Classroom with students and teachers - NARA - ...

Classroom with students and teachers – NARA – 285702 (Photo credit: Wikipedia)

The school is on this low high because this is the only full week of school this month.  After a four-day weekend students are moving around like slugs strapped down with salted backpacks, yet have outbreaks of silliness. No one is focusing on learning anything. Teachers are not much livelier having finished the posting of quarter grades and then have immediately go into to splitting their week with two nights of parent/teacher conferences.  It’s no wonder my teachers are showing movies. By showing movies, at least if students sleep it’s done with the lights off–less evidence of zoning out and maybe that lessens the guilt of not keeping students engaged. Some teachers require we write down facts learned while watching the movie and then turn these in.  A compromise I guess in case an admin member walks in and conducts a “teach sweep.“

Our school has periodic walk-throughs, or “teach sweeps” which I overheard two teachers call them.  This is where two or three of the administrators come in, sit down for ten minutes, watch the students, watch the teacher, and scribble away on their notepads.  Students call them “the posse.”  Some of my teachers get a little flustered when the posse arrives.  Others, you can tell, don’t give a flip and carry on doing their usual.

Some of the students get nervous  when an admin pops into the room.  When two or more admins arrive, a sense of drama unfolds, like they are on a search and destroy mission.  No matter how unobtrusive they attempt to be there is no way twenty-seven students are going to ignore being scrutinized.

This week there are few admin sightings in classrooms.  They are no doubt rooted in their beehive of offices.  Why?  Football.  Our football team won their second playoff game and are on their way to state championship.  Any remaining admin are hiding away in their offices posing with paperwork while listening to updates of how the football team is doing. I don’t blame them. After all, we haven’t made it to state for three years.  We haven’t won a state game for ten.  Going to state calls for suspended protocol, right? Especially if it’s football. *slight sarcasm insert*  Here’s my point: Our boys and girls soccer teams both won state.  Did the school shut down?  Nope.  Our cross country team went to state and so did our girls volleyball team.  Did we claim a minimum day so people could flock to see them?  Not even.  But football reigns.

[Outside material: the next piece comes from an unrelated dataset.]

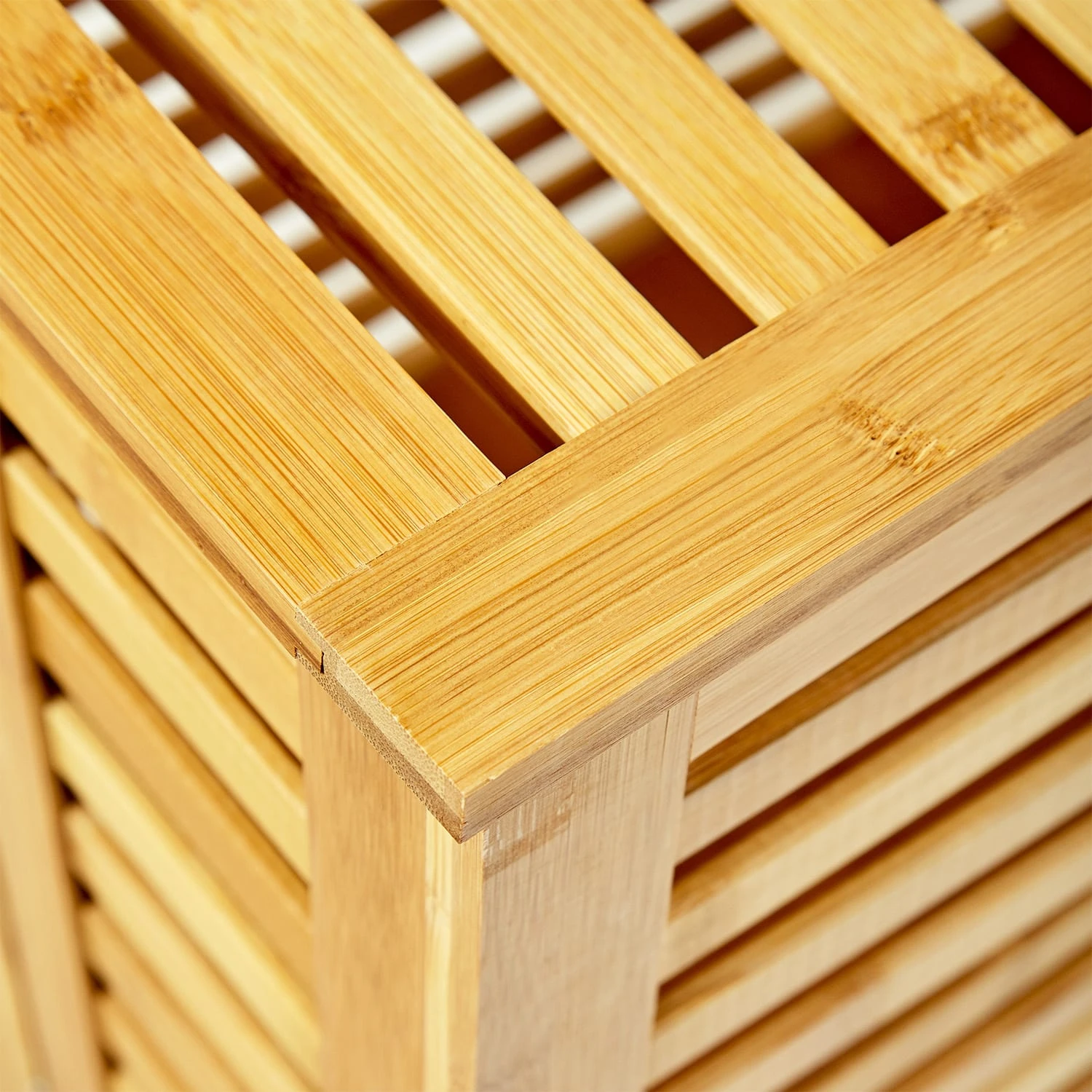 Keine Lust mehr auf Wäschechaos im Bad, im Schlafzimmer oder Kinderzimmer? Unsere blumfeldt Wäschetruhe sorgt im Handumdrehen für Ordnung und ist ganz nebenbei noch ein echter Blickfang. Der stylische Wäschekorb mit praktischen Lüftungsschlitzen ist komplett aus Bambus gefertigt. Durch seinen klappbaren Deckel kannst du ihn auch ideal als Ablagefläche für Handtücher oder frische Kleidung nutzen.

In our school, through the state, across the country.

Maybe if my dad had been more interested in football I would be more interested.  Our family life is so fragmented with him coming and going on writing assignments that he doesn’t have much time to watch sports. Therefore, sports I care not much or a whit for.  All around me though, people are passionate.

All week I hear murmurings of excitement. “Are you going?”  “I’m cutting last period to get there earlier.”  “I bet we watch movies in all our classes on Friday.”  Am I the only one who will stay behind in our fair town while all others travel three hours away to watch our Eagles fly to victory? I am wise enough to keep my opinions to myself.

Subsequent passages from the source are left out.